Le silence mat. L'odeur minérale mêlée à des notes discrètes d'hydrocarbures. Le fonctionnalisme des aménagements réduits à leurs plus simples utilités. Tout concourait à donner l'impression qu'il s'agissait d'une comète fantôme, un lieu déserté de toute vie.
Pourtant, cette comète était une véritable petite ville en soi. Elle abritait une dizaine de milliers d'âmes, toute entière dévouée à la surveillance et la sécurité de l'Amas. S'y mêlaient agents de liaison pour les espions infiltrés dans toutes les strates de la population, censeurs du réseau capsulaire, propagandistes, les forces d'intervention, Contrôle dont elle était sous les ordres, les reconditionneurs de ceux qui s'éloignaient du droit de chemin et d'autres métiers qu'Antéa ne soupçonnait pas.
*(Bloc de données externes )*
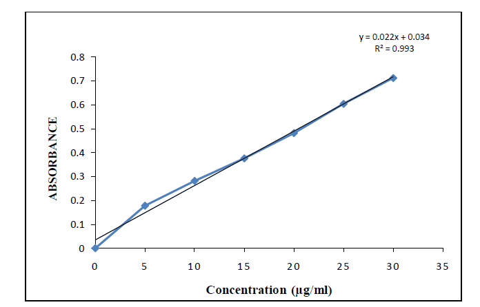 The method, according to Kim [14] was proceeded to estimate the total flavonoid content. 1 ml ethanolic leaf extract of 1000 μg/ml concentration was taken and 4 ml of distilled water was added, followed by the addition of 0.3 ml NaNO2 and 0.3 ml AlCl3 to the solution. The mixture was incubated at room temperature for 5 min. To the incubated solution, 2 ml of sodium hydroxide and 2.4 ml distilled water were added and the absorbance was measured at 510 nm using a spectrophotometer. Total Flavonoid content was estimated from standard curve. Rutin and Quercetin were used as standards and Total Flavonoid content was expressed as rutin/Quercetin equivalents (RE/QE) in mg/g of the dry sample.

Antéa ne vit aucun de ces services. Elle ne put vérifier non plus si la douteuse rumeur de l'absence de femmes dans les rangs de Silence Immobile était avérée.
Bien qu'elle n'avait rien fait de répréhensible – au contraire même – une sourde terreur montait en elle. Antéa aurait préféré de la compagnie. Le Conseiller Halley l'attendait dans le vaisseau qui les avait conduits à bord. Ce vieil homme lui avait paru une personnalité complexe quoiqu'en apparence bien intentionnée. Malheureusement, sa présence n'avait aucunement été requise et Amitié dans sa version bridée avait dû être laissé au niveau des contrôles de sécurité. Pour bien la mettre dans l'ambiance, elle y avait subi l'humiliation d'une fouille corporelle avec palpation complète et balayage intégral.
Elle jeta un regard en coin vers les deux S.I. mutiques qui l'encadraient.
Était-ce un de ces deux-là qui avait baladé ses mains gantées sur son corps ? Difficile de savoir. Les S.I. se ressemblaient tous avec leurs tenues noires et leurs casques hermétiques à la visière tactique. Des accessoires complétaient la traditionnelle panoplie sans donner plus d'indices sur leurs identités. Matraque à baïonnette et pistolet à carreaux de filets de stase étaient les armes règlementaires. Ils en possédaient d'autres à projectiles perforants pourtant peu usités. Ses armes étaient proscrites étant donné la présence du vide spatial de l'autre côté des coques des comètes aménagées. Il en existait toutefois des versions antipersonnelles capables de tuer sans occasionner de dégâts matériels. Ces armes létales devaient appartenir à cette dernière catégorie.
Antéa, toujours passablement énervée par la fouille ravala sa fierté.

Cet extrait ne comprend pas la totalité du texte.